- _Required action_:
For the data that follows, print the line with "Costume da bagno", the line with "Leggi tuttoStudio Sound", and all lines between them, exactly as they stand. Omit pictures and add nothing.

--- Material supplied ---

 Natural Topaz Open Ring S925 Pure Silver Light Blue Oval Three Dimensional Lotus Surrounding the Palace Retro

---
--- Material supplied ---

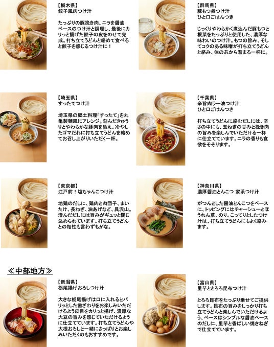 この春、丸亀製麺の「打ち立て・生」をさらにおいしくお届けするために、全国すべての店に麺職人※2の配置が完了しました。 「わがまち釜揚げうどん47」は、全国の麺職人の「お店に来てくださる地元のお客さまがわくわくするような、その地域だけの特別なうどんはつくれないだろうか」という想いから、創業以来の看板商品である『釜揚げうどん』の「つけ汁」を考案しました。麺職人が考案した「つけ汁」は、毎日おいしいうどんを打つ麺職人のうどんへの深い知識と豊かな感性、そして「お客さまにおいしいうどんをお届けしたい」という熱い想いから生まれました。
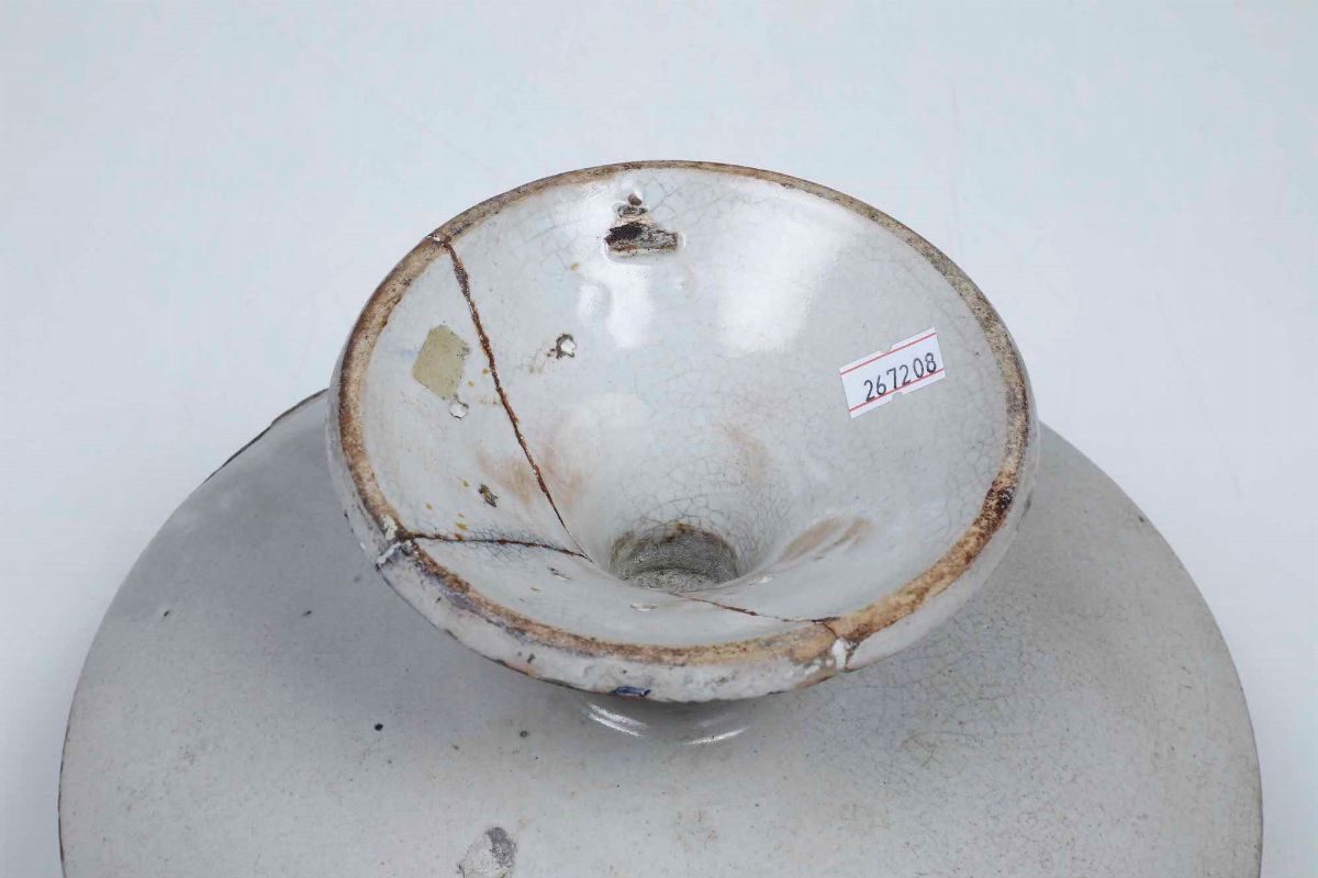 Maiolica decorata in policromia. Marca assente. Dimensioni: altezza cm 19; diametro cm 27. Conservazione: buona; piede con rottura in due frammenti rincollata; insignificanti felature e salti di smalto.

---
--- Material supplied ---

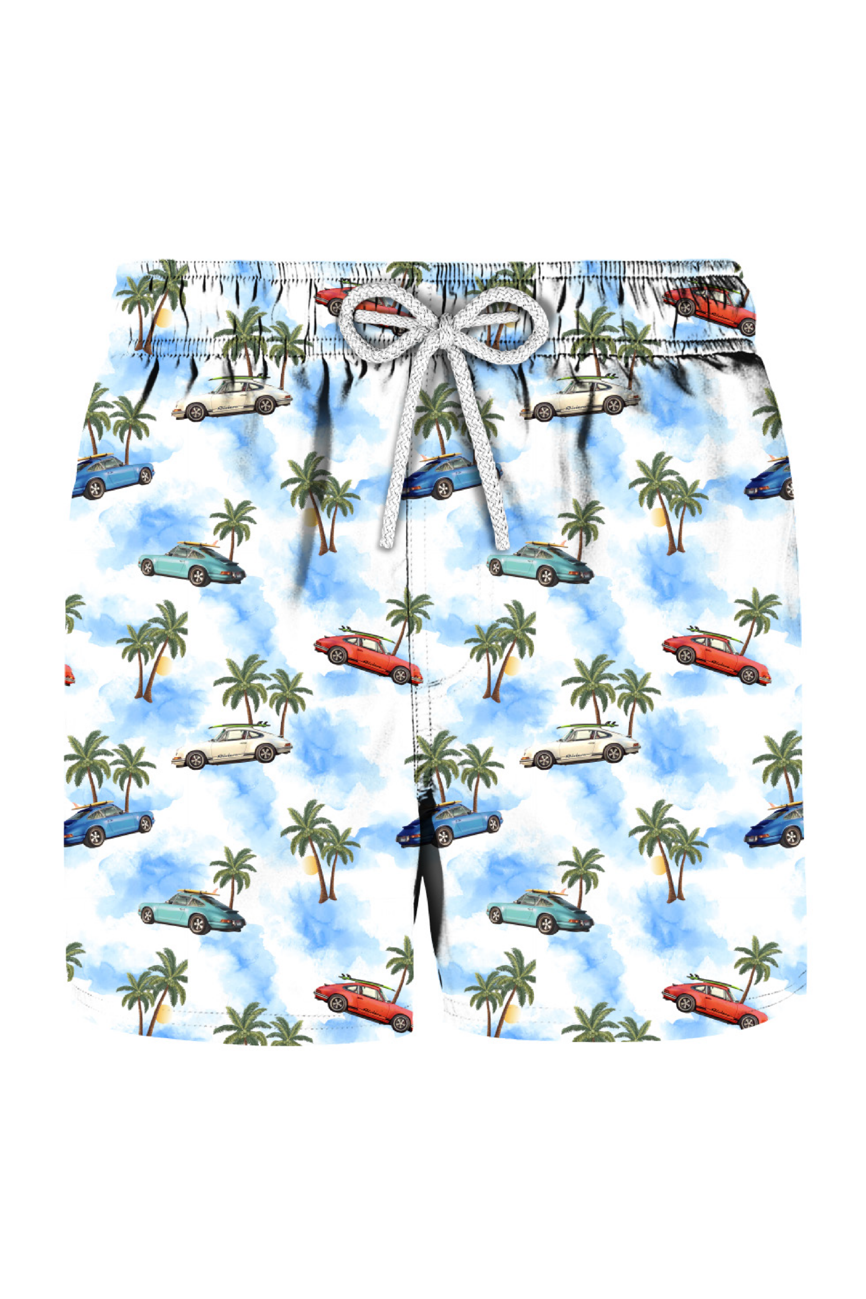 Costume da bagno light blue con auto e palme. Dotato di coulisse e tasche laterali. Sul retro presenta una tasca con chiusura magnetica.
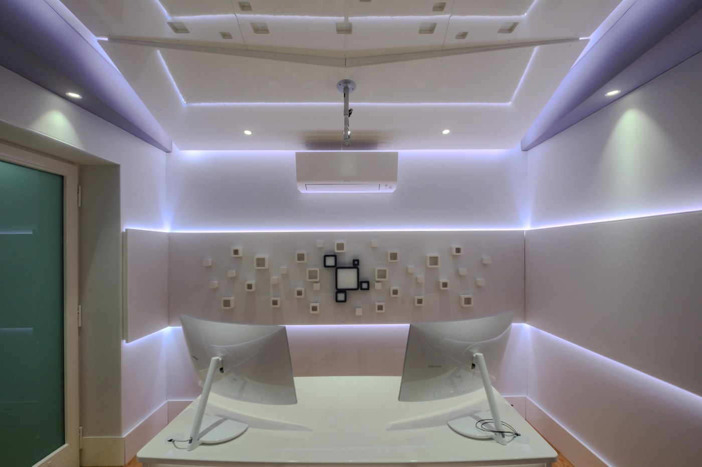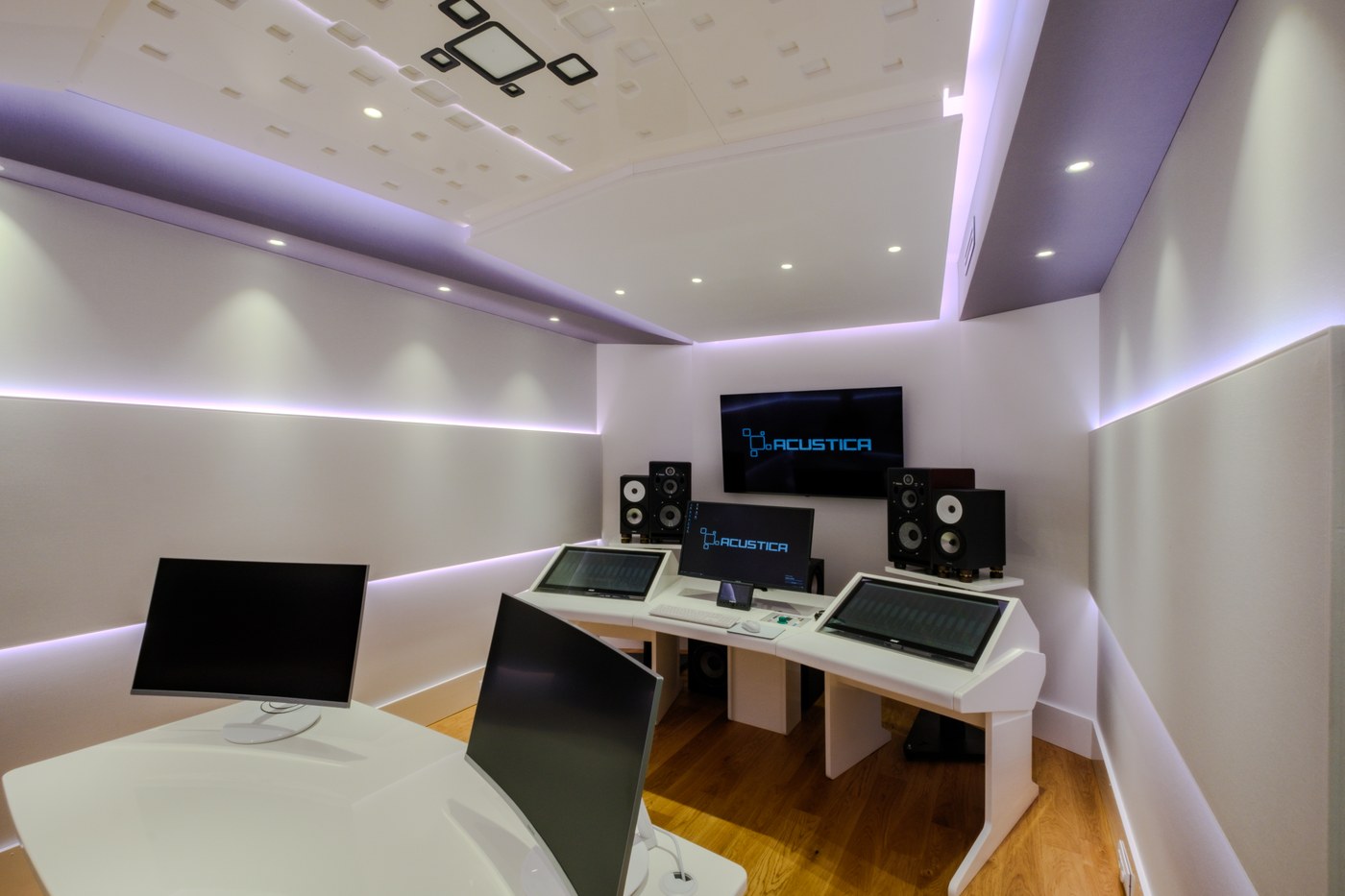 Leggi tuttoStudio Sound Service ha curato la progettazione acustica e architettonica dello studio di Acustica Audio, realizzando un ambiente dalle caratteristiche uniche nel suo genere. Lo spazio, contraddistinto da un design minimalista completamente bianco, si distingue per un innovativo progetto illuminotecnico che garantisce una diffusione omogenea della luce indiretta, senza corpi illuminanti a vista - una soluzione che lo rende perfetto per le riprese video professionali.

---

- _Written response_:
 Costume da bagno light blue con auto e palme. Dotato di coulisse e tasche laterali. Sul retro presenta una tasca con chiusura magnetica.
 Leggi tuttoStudio Sound Service ha curato la progettazione acustica e architettonica dello studio di Acustica Audio, realizzando un ambiente dalle caratteristiche uniche nel suo genere. Lo spazio, contraddistinto da un design minimalista completamente bianco, si distingue per un innovativo progetto illuminotecnico che garantisce una diffusione omogenea della luce indiretta, senza corpi illuminanti a vista - una soluzione che lo rende perfetto per le riprese video professionali.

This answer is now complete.